While a client sometimes may need to share important details about its intellectual property with its contract manufacturer, the benefits of collaborating with a trusted partner usually outweigh the risks.

“Having intimate knowledge of competing products in different distribution channels, contract manufacturers can gently steer clients into successful marketing differentiation without compromising trade secrets,” Tierney explains.

Contract manufacturers may also be willing to sign confidentiality agreements that prevent the misuse of information about a company’s products. “Contract manufacturers with a long-term relationship vision will do everything they can to protect that information to ensure that their business grows with that customer,” Becker says, noting that the relationship represents the future of the business.

“Nondisclosure agreements abound but ones with teeth are not taken for granted,” Tierney adds. “Ultimately, personal trust is the litmus test. If the relationship doesn’t feel right, don’t get into it.”


Perhaps the best reason to seek out a contract manufacturer is GMP compliance. None of the other benefits of outsourcing will amount to much if they result in products of low quality or questionable value. Unfortunately, not every company that manufactures supplements follows the GMPs, and some companies that claim they follow the GMPs don’t always follow them to the letter.

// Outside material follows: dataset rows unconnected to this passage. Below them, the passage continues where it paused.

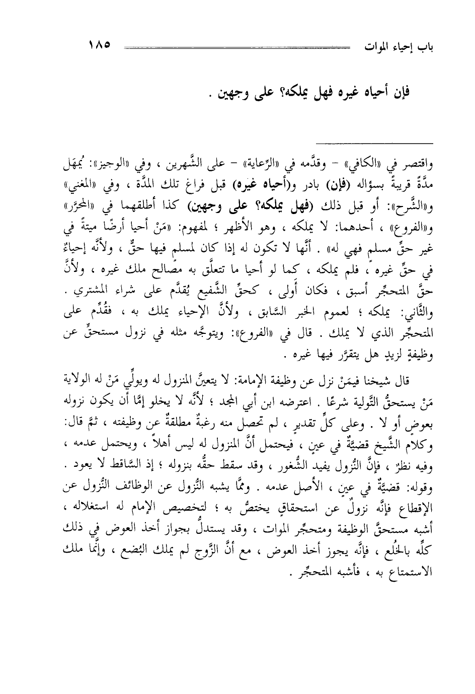 واقتصر في الكافي وقدمه في الرعاية على الشهرين وفي الوجيز يمهل مدة قريبة بسؤاله "فإن" بادر "وأحياه غيره" قبل فراغ تلك المدة وفي المغني والشرح أو قبل ذلك "فهل يملكه على وجهين" كذا أطلقهما في المحرر والفروع أحدهما لا يمكله وهو الأظهر لمفهوم "من أحيا أرضا ميتة في غير حق مسلم فهي له" إنها لا تكون له إذا كان لمسلم فيها حق ولأنه إحياء في حق غيره فلم يملكه كما لو أحيا ما يتعلق به مصالح ملك غيره ولأن حق المتحجر أسبق فكان أولى كحق الشفيع يقدم على شراء المشتري والثاني يملكه لعموم الخبر السابق ولأن الإحياء يملك به فقدم على المتحجر الذي لا يملك قال في الفروع ويتوجه مثله في نزول مستحق عن وظيفة لزيد هل يتقرر فيها غيره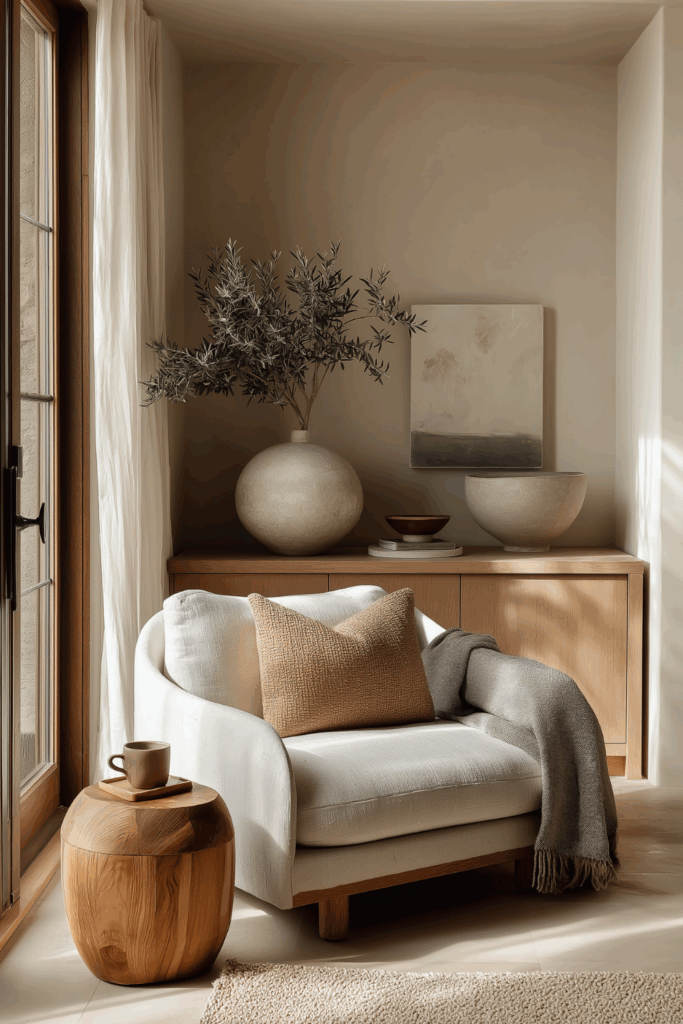 Layer in organic accents: a smooth stone bowl for collected treasures, a rustic wooden stool for your tea, or a woven basket to hold a soft throw. Position plants where they’re easy to water and where you’ll naturally notice them throughout the day, letting their slow growth remind you to breathe and take things one moment at a time.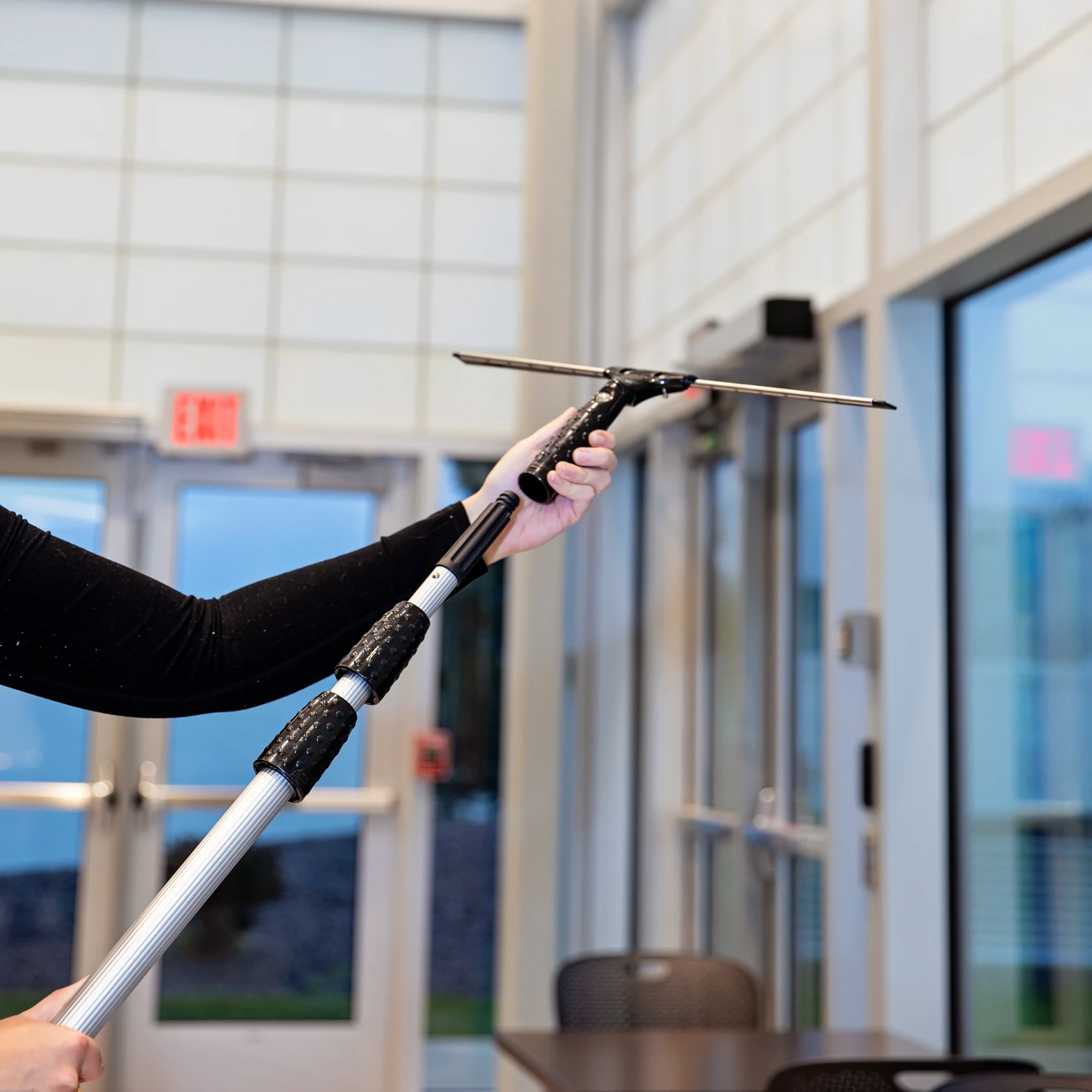The 12 Foot Extension Handle is compatible with the 24” Flexible Microfiber Duster and Lambswool Duster to enhance their cleaning capabilities. It has a 3-piece handle.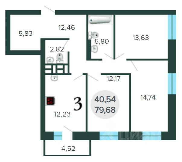 В продаже 3х-комнатная квартира в строящемся доме (Дом 30, БС Б), срок сдачи: IV-кв. 2022г. (ключи март 2023г.) , общей площадью 79.68 кв.м., на 4 этаже.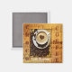 A photo frame magnet, featuring your own favorite picture framed by a typography retro style design with a coffee theme in warm colors. Lovely gift for a coffee lover as well as to create a warm atmosphere in the kitchen. Also nice for a kitchen in Cuban style!
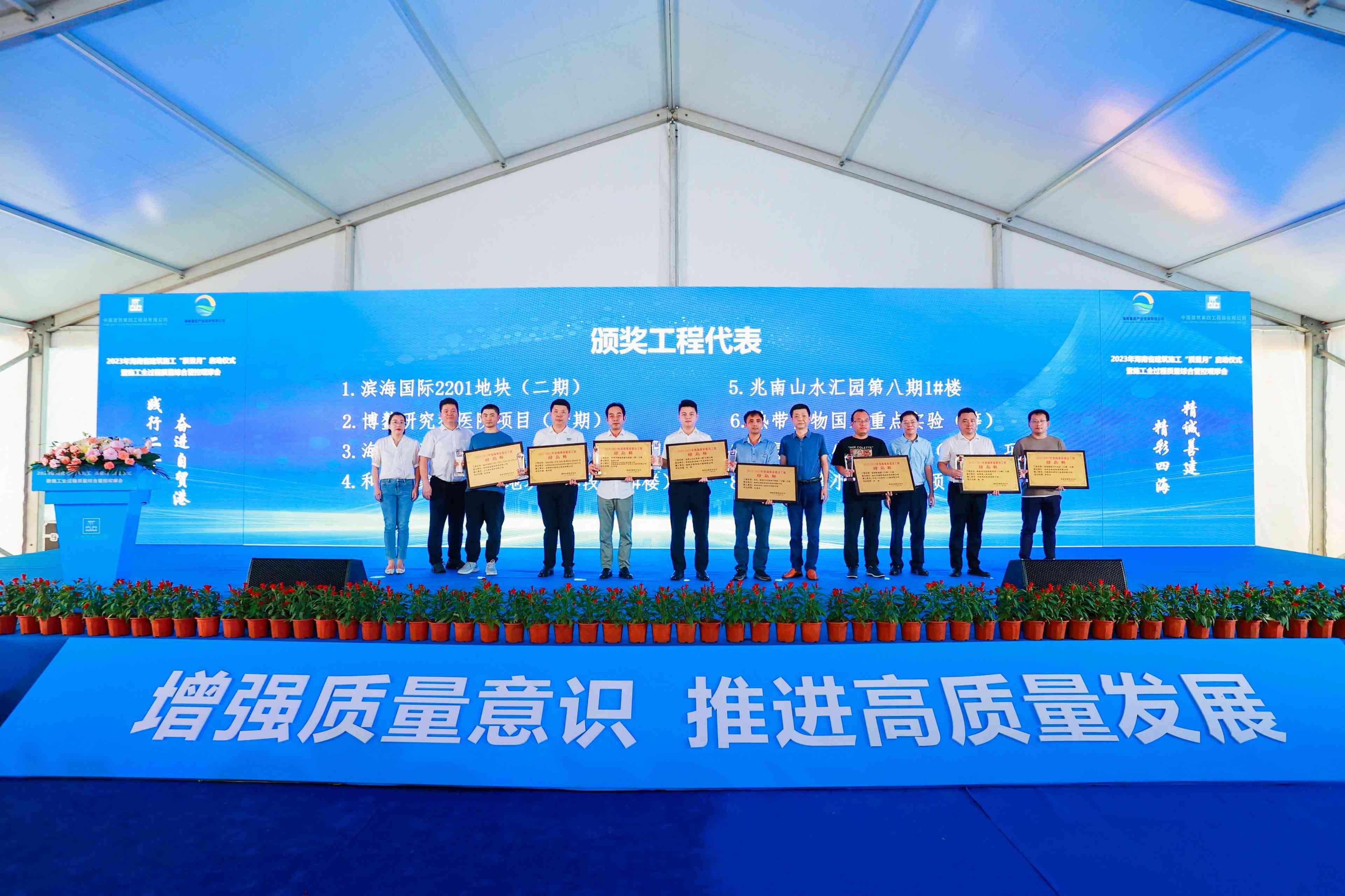 2023年9月13日,海南省住建廳舉辦了2023年海南省建筑施工“質(zhì)量月”啟動(dòng)儀式暨施工全過程質(zhì)量綜合管控觀摩會(huì)。海南萬泰建筑工程有限公司作為榮獲2022-2023年度海南省建設(shè)工程“綠島杯”獎(jiǎng)的8家企業(yè)代表之一上臺(tái)接受省住建廳副廳長(zhǎng)林詩輝、省質(zhì)安局局長(zhǎng)蔡和林、??谑匈|(zhì)監(jiān)站站長(zhǎng)符志明、省住建廳質(zhì)安處副處長(zhǎng)韓苗等領(lǐng)導(dǎo)的頒獎(jiǎng),萬泰公司工程部副部長(zhǎng)張豪杰代表公司上臺(tái)領(lǐng)獎(jiǎng)。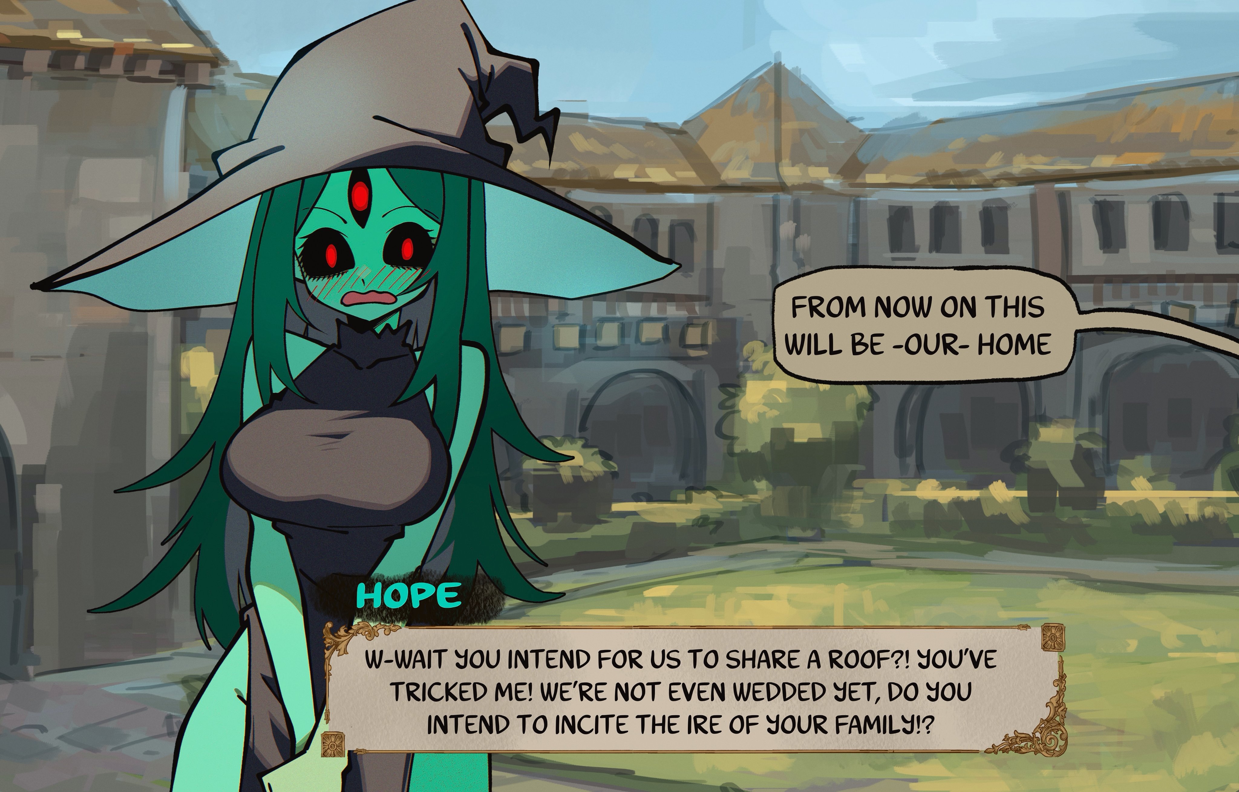 1girl absurdres bare_shoulders basedbinkie black_dress black_hat black_sclera blush breasts chivalry_starved colored_sclera colored_skin cowboy_shot dress english_text green_hair green_skin hat highres hope_(basedbinkie) large_breasts long_hair looking_at_viewer monster_girl open_mouth pelvic_curtain red_eyes slit_pupils smile solo speech_bubble third_eye user_interface very_long_hair video_game_dialogue_box visual_novel witch_hat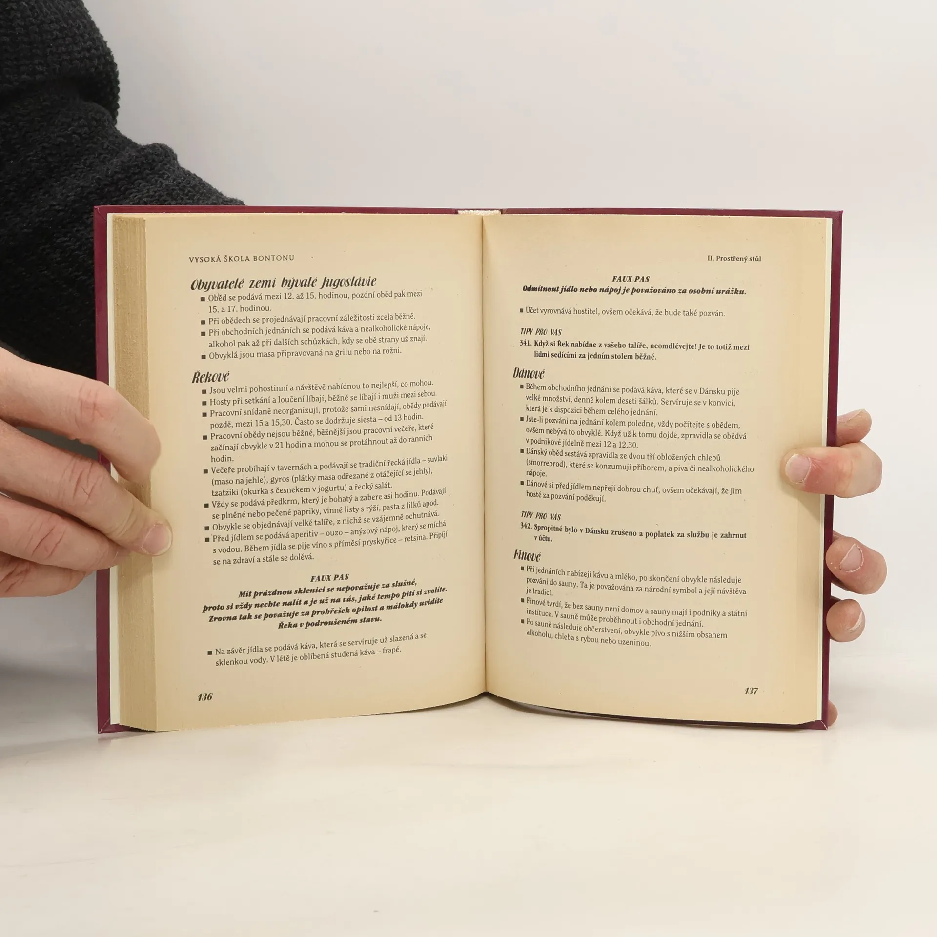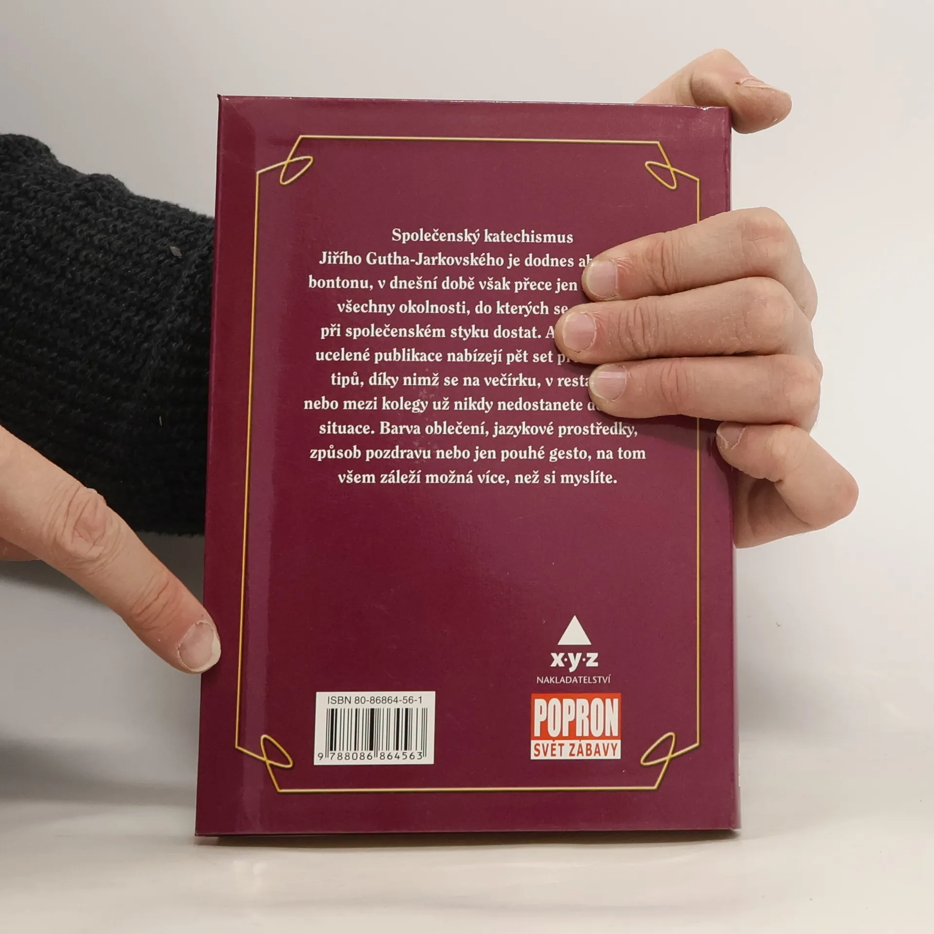 Společenský katechismus Jiřího Gutha-Jarkovského je dodnes abecedou bontonu, v dnešní době však přece jen nepokrývá všechny okolnosti, do kterých se můžete při společenském styku dostat. Autorky nové ucelené publikace nabízejí pět set přehledných tipů, díky nimž se na večírku, v restauraci nebo mezi kolegy už nikdy nedostanete do trapné situace. Barva oblečení, jazykové prostředky, způsob pozdravu nebo jen pouhé gesto, na tom všem záleží možná více, než si myslíte

“There are a select few contract manufacturers that really understand the systems and controls required to consistently manufacture a quality product,” Becker says. “At Nutritional Laboratories International, quality manufacturing systems and processes have been a part of our operational strategy since the beginning of the company.”

The best course of action for a company that is looking for a contract manufacturer that follows GMPs is to vet the contract manufacturer ahead of time. Some third-party organizations, like NSF International (Ann Arbor, MI) also inspect contract manufacturers to verify compliance with the GMPs.

“Responsible and risk-averse contract manufacturers have already adopted the sense of the proposed GMPs,” Tierney says. “Informed clients do plant and standard operating procedure inspections so they are satisfied that manufacturers walk their talk. In other words, if it says GMP on the ads, it better be cooking in the kitchen.”


Working with a contract manufacturer may make things easier, but it won’t absolve a company from responsibility if something goes wrong. Businesses that decide to outsource should thoroughly research their decision ahead of time to make sure it’s the right choice.

“My advice to a company looking for a contract manufacturing partner is to take the time to visit several different manufacturers to gain an understanding of the different procedures or lack of procedures used by different companies,” Becker says. “Base the decision on more than just a low price quote.”

Becker adds that it’s essential for a client to understand the contract manufacturer’s quality control procedures, specification development process, internal laboratory testing capabilities, and ingredient sourcing and qualification systems.

“There’s nothing like kicking the tires to see if the wheels stay on,” Tierney says. “Since it’s your future with consumers at risk, we recommend a trip to the manufacturer with at least two people, with one being a quality assurance professional, to physically see the plant’s nooks and crannies.” Other prudent steps include observing the facility’s standard operating procedures, meeting key manufacturing and laboratory personnel, and reviewing references from satisfied customers. “Trust but verify,” Tierney adds. “Lunch can come later.”